- _GIVEN INFORMATION_

/---

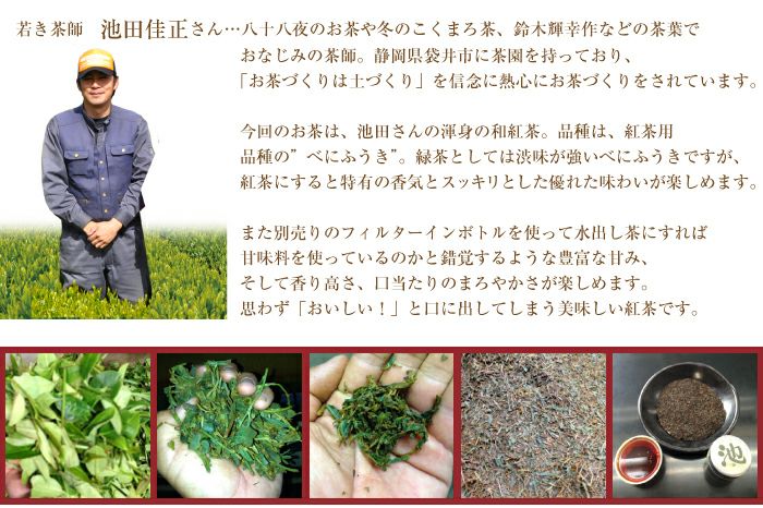 他の画像を見る リーフ茶葉タイプ 静岡県産 べにふうき品種100% 二番茶 甘み豊かで香り高い紅茶 茶葉 べにふうき お茶 池田さんの和紅茶リーフ茶葉80g 2袋セット アイスティー 無糖 水出し 水出し紅茶 ストレートティー 国産 販売価格 ¥ 2,400 税込 カートに入れる
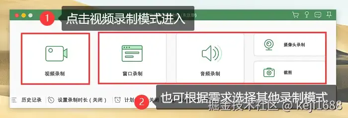 步骤1:在电脑上点击录屏软件进入软件主界面,根据需求选择合适的录制模式。
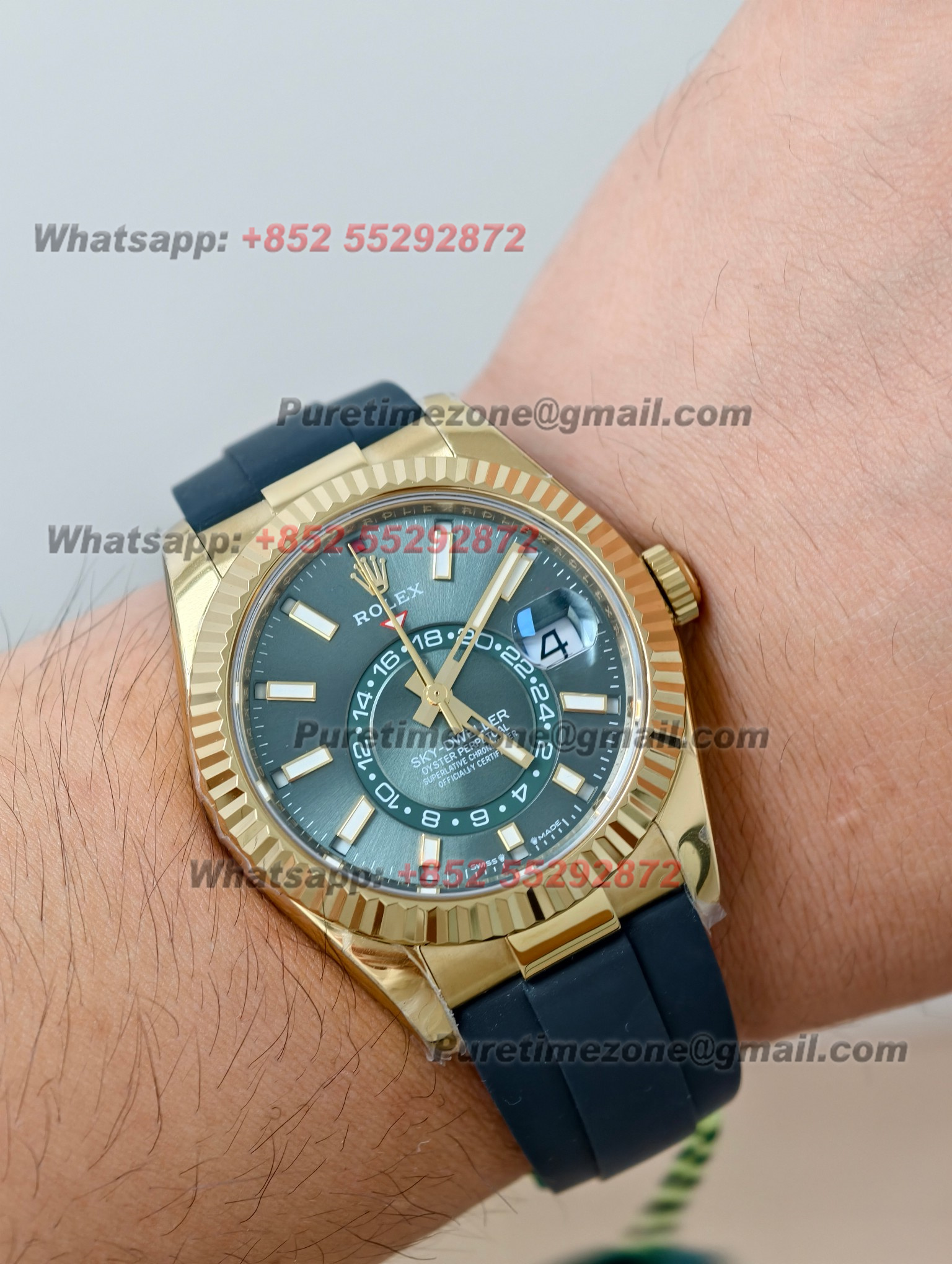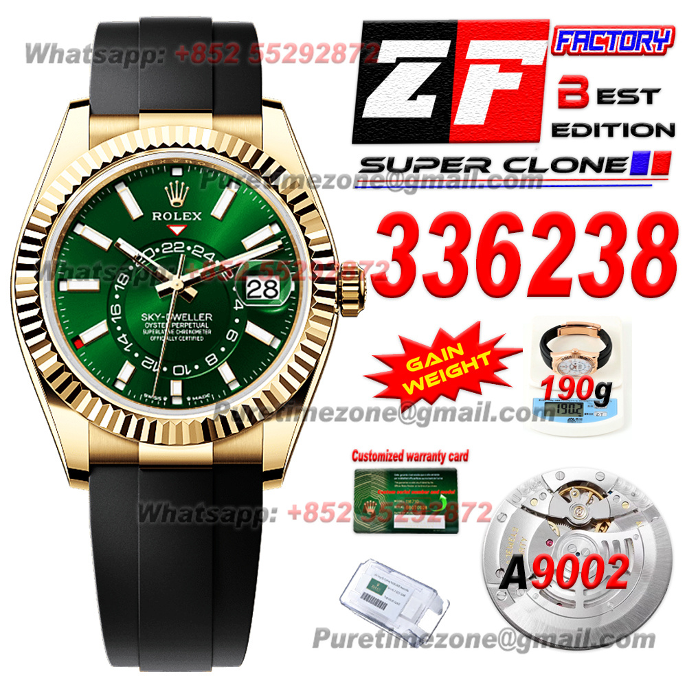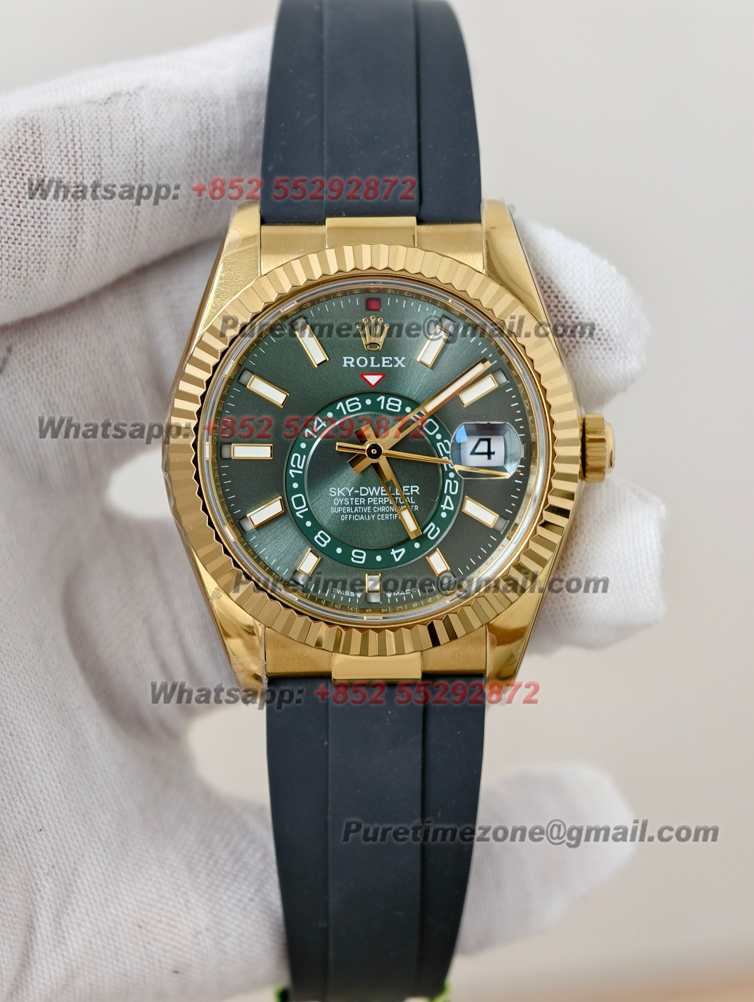 Sky-Dweller 336238 YG Automatic Mens Watch Super Clone ZF 42 Green Dial Oysterflex Strap A9002 (Gain Weight) 190G

\---

Render the data above verbatim and without pictures.

 他の画像を見る リーフ茶葉タイプ 静岡県産 べにふうき品種100% 二番茶 甘み豊かで香り高い紅茶 茶葉 べにふうき お茶 池田さんの和紅茶リーフ茶葉80g 2袋セット アイスティー 無糖 水出し 水出し紅茶 ストレートティー 国産 販売価格 ¥ 2,400 税込 カートに入れる
 步骤1:在电脑上点击录屏软件进入软件主界面,根据需求选择合适的录制模式。
 Sky-Dweller 336238 YG Automatic Mens Watch Super Clone ZF 42 Green Dial Oysterflex Strap A9002 (Gain Weight) 190G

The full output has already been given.